What to work on => Reproduce every line below exactly as written; do not include the images.

(Records excerpted from a collection)
--- START ---

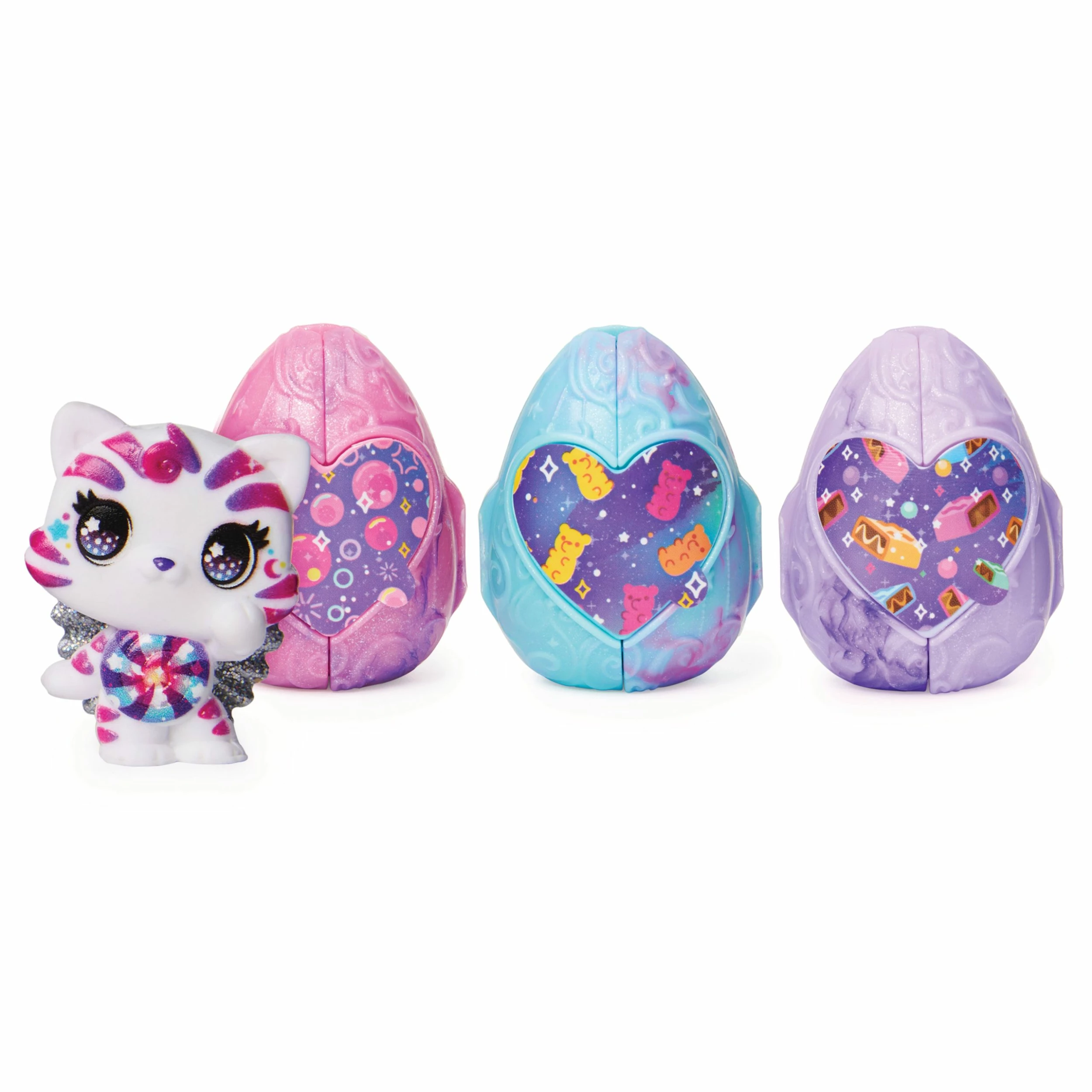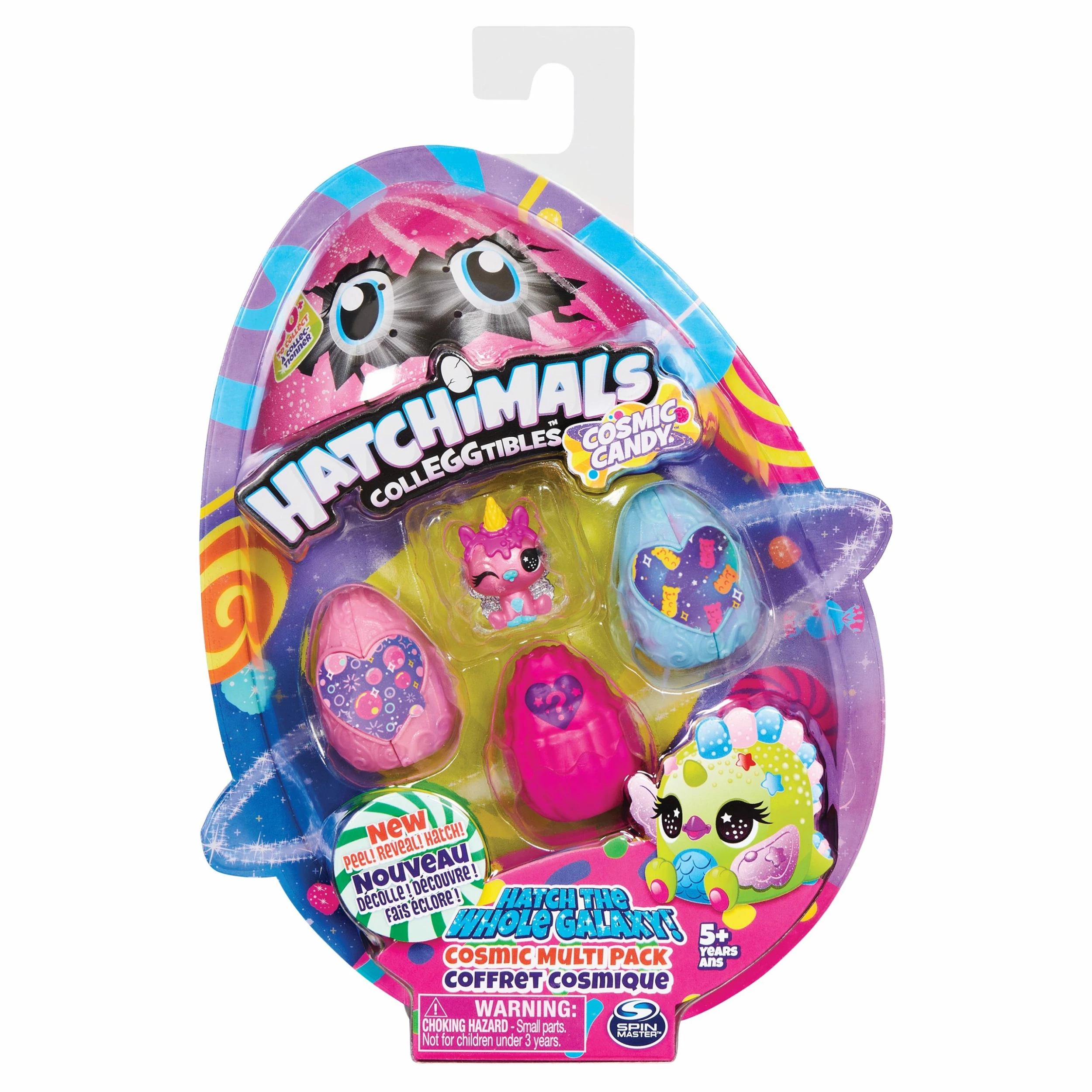 Discover a galaxy of Hatchimals CollEGGtibles with the Cosmic Candy Multipack! Part cosmic, part candy, these adorable characters have a unique look and style! There are 12 Cosmic Candy mystery features to discover, including gummy, fuzzy, patterned, glow-in-the-dark and more! Plus, there’s even more surprises with every Cosmic Candy character: a whole new hatch and a reusable egg! Inside the Cosmic Multipack, you’ll find three characters in-egg and one out-of-egg, ready to play! To start hatching, peel off the heart sticker on one of the reusable eggs to reveal a symbol hinting at your character’s feature. Hatch the heart to get a sneak peek at your character, then open up each side of the egg to meet your Cosmic Candy cutie! Hatch Gummy Draggle with a squishy body and gumdrop spikes; Chilly Unikeet with an upside-down ice cream cone horn; Peppermint Zebrush that looks like a wrapped-up mint and more! Every Cosmic Candy character is a treat to collect! Will you find one of the ultra-rare Sprinkle Sun characters filled with colorful sprinkles, or a limited-edition stackable Treat Trio? There’s even a chance you could find a classic egg to hatch! With over 50 Cosmic Candy CollEGGtibles and eight Cosmic Candy Pixies (each sold separately) to hatch and collect, add them all to your collection! When you’re finished hatching, the eggs become displays for your new friends! On your checklist, you’ll also get a Hatchtopia Life code to use in the free app (compatible with iOS and Android devices). Bring home Cosmic Candy fun with the Hatchimals CollEGGtibles Cosmic Multipack!
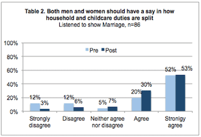 The shows increased interaction on the distribution of chores: 52% of survey respondents discussed the content with someone else, primarily their husbands, but also with their children, mothers-in-law and friends/neighbours.
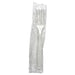 A great option for virtually any dining environment, heavyweight, wrapped cutlery items offer quick event set-up or packing for to-go meals. Individually packaged for convenience and to ensure utensils remain sanitary, even after handling. The high-quality utensils have the versatility to be used with nearly any cuisine, making them an ideal fit for takeout, concession stands, cafeterias, offices, and special events.
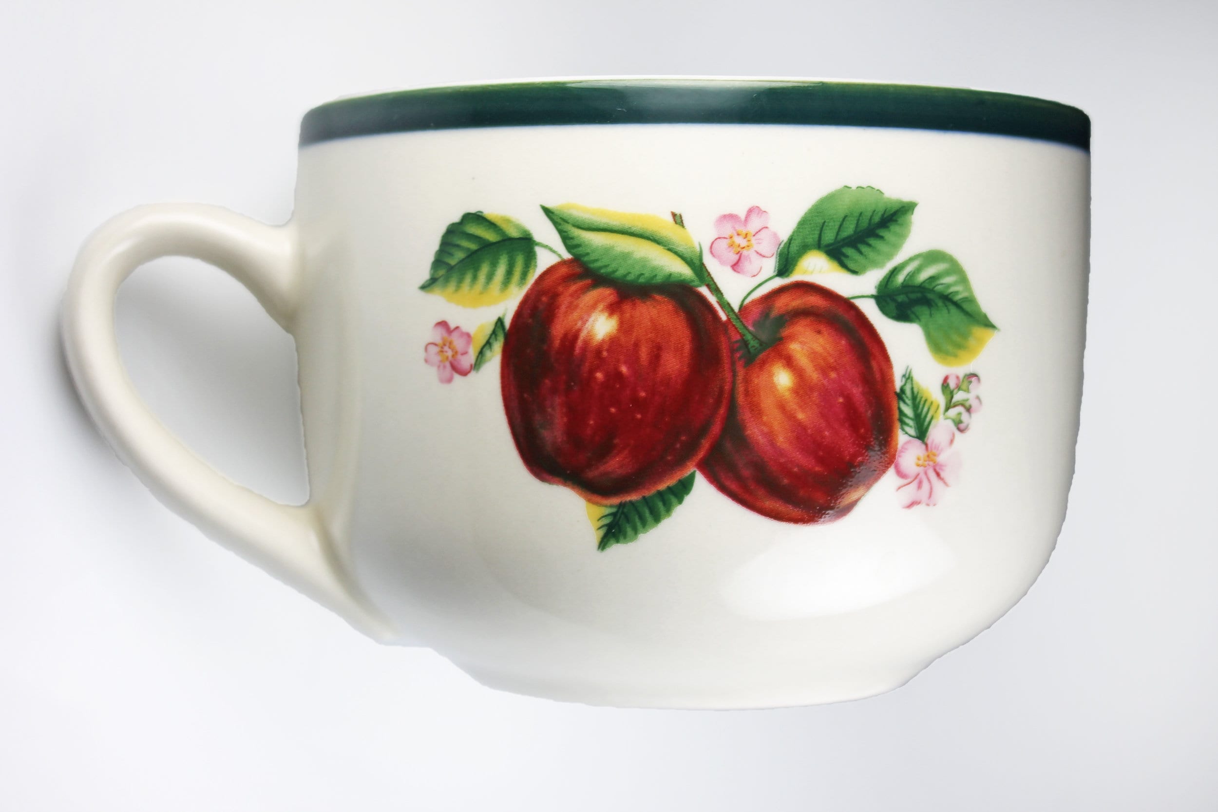 A wonderful set of four jumbo mugs by China Pearl. The pattern is called Casuals and consists of apples and pink flowers on the sides and a green band on the rim. These would also make great soup, stew, or chili bowls with a handle making them easy to carry to the patio, porch, or veranda. A must have for every kitchen as these are very versatile. A great idea for the coffee lover too.
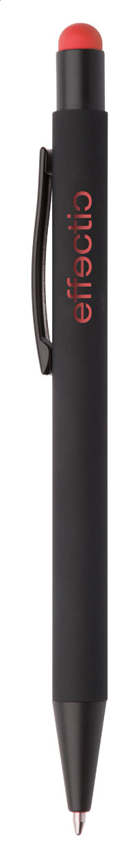 Aluminium-Kugelschreiber mit Touchpen und gummierter Oberfläche und Spezialbeschichtung für eine Farbgravur (Gravurfarbe abgestimmt mit Stylus), blauschreibend.
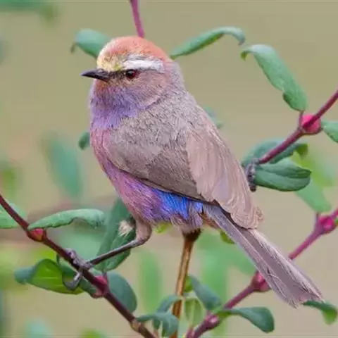 花彩雀莺:体长9-12厘米,是一种毛茸茸偏紫色的雀莺。顶冠棕色,眉纹白。尾长,羽毛松软。…
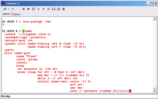 Cependant, Solfege aussi bien que LilyPond ne conviennent qu’à des règles de composition relativement simples. Comme l’a remarqué Jaime, "Je pense qu’une chose pour laquelle LilyPond n’est pas fait est d’accomplir des opérations algorithmiques sur du matériau musical, à part les opérations habituelles de transposition, de transformation rythmique, etc.
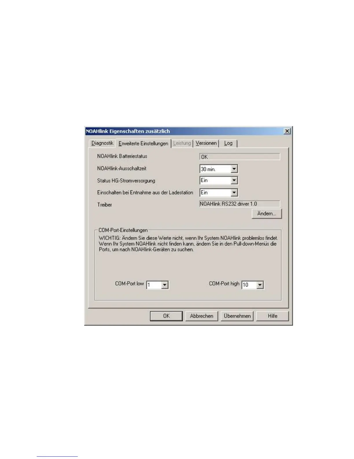 COM-Port-Einstellungen zu ändern, wenn Ihr System NOAHlink
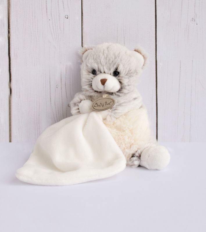 Doudou Malin Charly le chat Doudou beige blanc 30 cm

--- END ---

Answer area =>
 Discover a galaxy of Hatchimals CollEGGtibles with the Cosmic Candy Multipack! Part cosmic, part candy, these adorable characters have a unique look and style! There are 12 Cosmic Candy mystery features to discover, including gummy, fuzzy, patterned, glow-in-the-dark and more! Plus, there’s even more surprises with every Cosmic Candy character: a whole new hatch and a reusable egg! Inside the Cosmic Multipack, you’ll find three characters in-egg and one out-of-egg, ready to play! To start hatching, peel off the heart sticker on one of the reusable eggs to reveal a symbol hinting at your character’s feature. Hatch the heart to get a sneak peek at your character, then open up each side of the egg to meet your Cosmic Candy cutie! Hatch Gummy Draggle with a squishy body and gumdrop spikes; Chilly Unikeet with an upside-down ice cream cone horn; Peppermint Zebrush that looks like a wrapped-up mint and more! Every Cosmic Candy character is a treat to collect! Will you find one of the ultra-rare Sprinkle Sun characters filled with colorful sprinkles, or a limited-edition stackable Treat Trio? There’s even a chance you could find a classic egg to hatch! With over 50 Cosmic Candy CollEGGtibles and eight Cosmic Candy Pixies (each sold separately) to hatch and collect, add them all to your collection! When you’re finished hatching, the eggs become displays for your new friends! On your checklist, you’ll also get a Hatchtopia Life code to use in the free app (compatible with iOS and Android devices). Bring home Cosmic Candy fun with the Hatchimals CollEGGtibles Cosmic Multipack!
 The shows increased interaction on the distribution of chores: 52% of survey respondents discussed the content with someone else, primarily their husbands, but also with their children, mothers-in-law and friends/neighbours.
 A great option for virtually any dining environment, heavyweight, wrapped cutlery items offer quick event set-up or packing for to-go meals. Individually packaged for convenience and to ensure utensils remain sanitary, even after handling. The high-quality utensils have the versatility to be used with nearly any cuisine, making them an ideal fit for takeout, concession stands, cafeterias, offices, and special events.
 A wonderful set of four jumbo mugs by China Pearl. The pattern is called Casuals and consists of apples and pink flowers on the sides and a green band on the rim. These would also make great soup, stew, or chili bowls with a handle making them easy to carry to the patio, porch, or veranda. A must have for every kitchen as these are very versatile. A great idea for the coffee lover too.
 Aluminium-Kugelschreiber mit Touchpen und gummierter Oberfläche und Spezialbeschichtung für eine Farbgravur (Gravurfarbe abgestimmt mit Stylus), blauschreibend.
 花彩雀莺:体长9-12厘米,是一种毛茸茸偏紫色的雀莺。顶冠棕色,眉纹白。尾长,羽毛松软。…
 Cependant, Solfege aussi bien que LilyPond ne conviennent qu’à des règles de composition relativement simples. Comme l’a remarqué Jaime, "Je pense qu’une chose pour laquelle LilyPond n’est pas fait est d’accomplir des opérations algorithmiques sur du matériau musical, à part les opérations habituelles de transposition, de transformation rythmique, etc.
 COM-Port-Einstellungen zu ändern, wenn Ihr System NOAHlink
 Doudou Malin Charly le chat Doudou beige blanc 30 cm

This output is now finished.